**Raw data**.
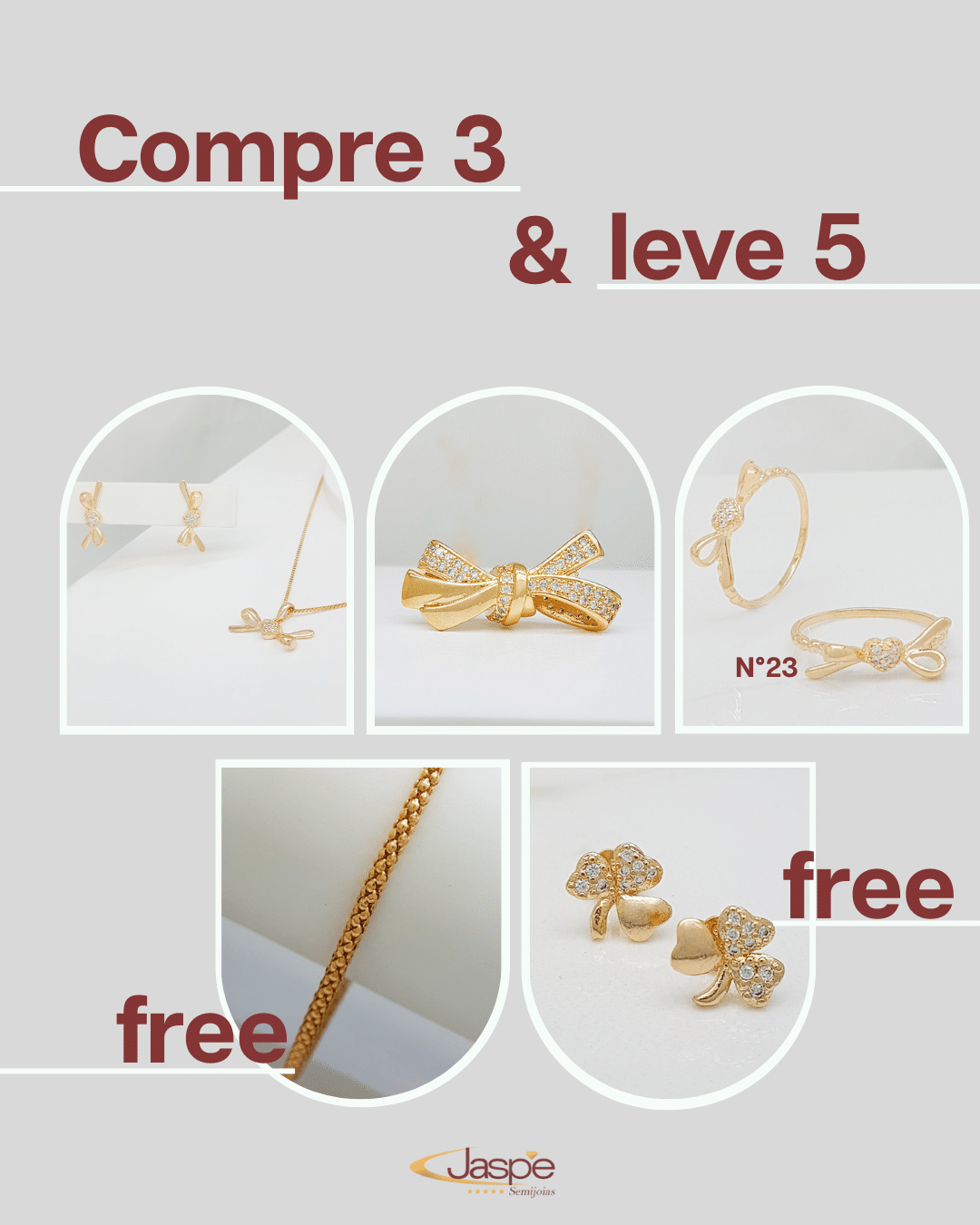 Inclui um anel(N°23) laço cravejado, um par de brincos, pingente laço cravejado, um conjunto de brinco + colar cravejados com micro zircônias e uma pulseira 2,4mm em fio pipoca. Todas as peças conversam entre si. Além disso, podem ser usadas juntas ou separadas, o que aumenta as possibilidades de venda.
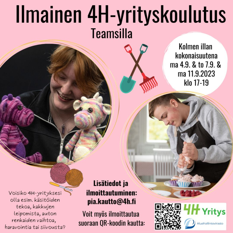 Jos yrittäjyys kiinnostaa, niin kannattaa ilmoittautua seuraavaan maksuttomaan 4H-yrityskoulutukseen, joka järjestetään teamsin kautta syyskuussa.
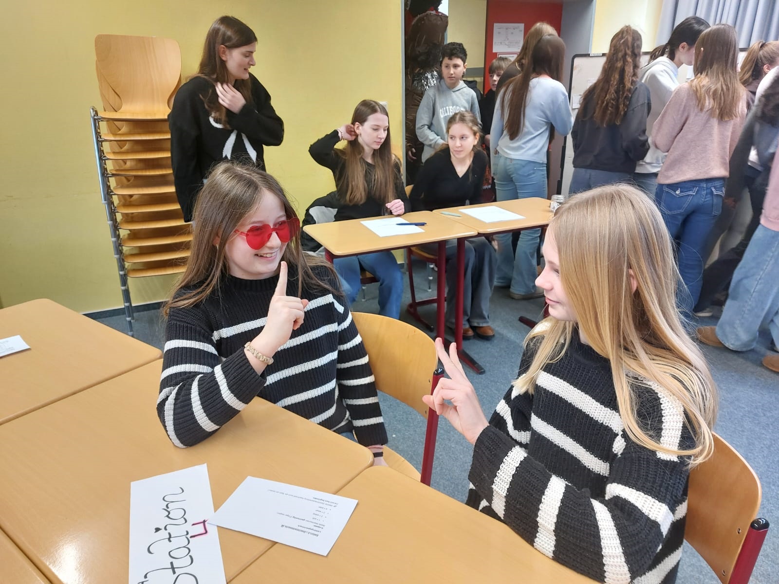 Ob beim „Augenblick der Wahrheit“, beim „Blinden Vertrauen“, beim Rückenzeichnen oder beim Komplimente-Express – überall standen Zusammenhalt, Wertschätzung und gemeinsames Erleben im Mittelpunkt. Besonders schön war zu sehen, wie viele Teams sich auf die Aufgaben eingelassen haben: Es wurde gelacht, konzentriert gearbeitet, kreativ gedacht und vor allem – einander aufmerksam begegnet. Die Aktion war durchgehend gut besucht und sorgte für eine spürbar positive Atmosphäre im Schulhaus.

**Work to be completed**. Starting from the first line of the listing above, write out every line exactly through the one containing "Jos yrittäjyys kiinnostaa, niin", and drop the pictures.

**Written response**.
 Inclui um anel(N°23) laço cravejado, um par de brincos, pingente laço cravejado, um conjunto de brinco + colar cravejados com micro zircônias e uma pulseira 2,4mm em fio pipoca. Todas as peças conversam entre si. Além disso, podem ser usadas juntas ou separadas, o que aumenta as possibilidades de venda.
 Jos yrittäjyys kiinnostaa, niin kannattaa ilmoittautua seuraavaan maksuttomaan 4H-yrityskoulutukseen, joka järjestetään teamsin kautta syyskuussa.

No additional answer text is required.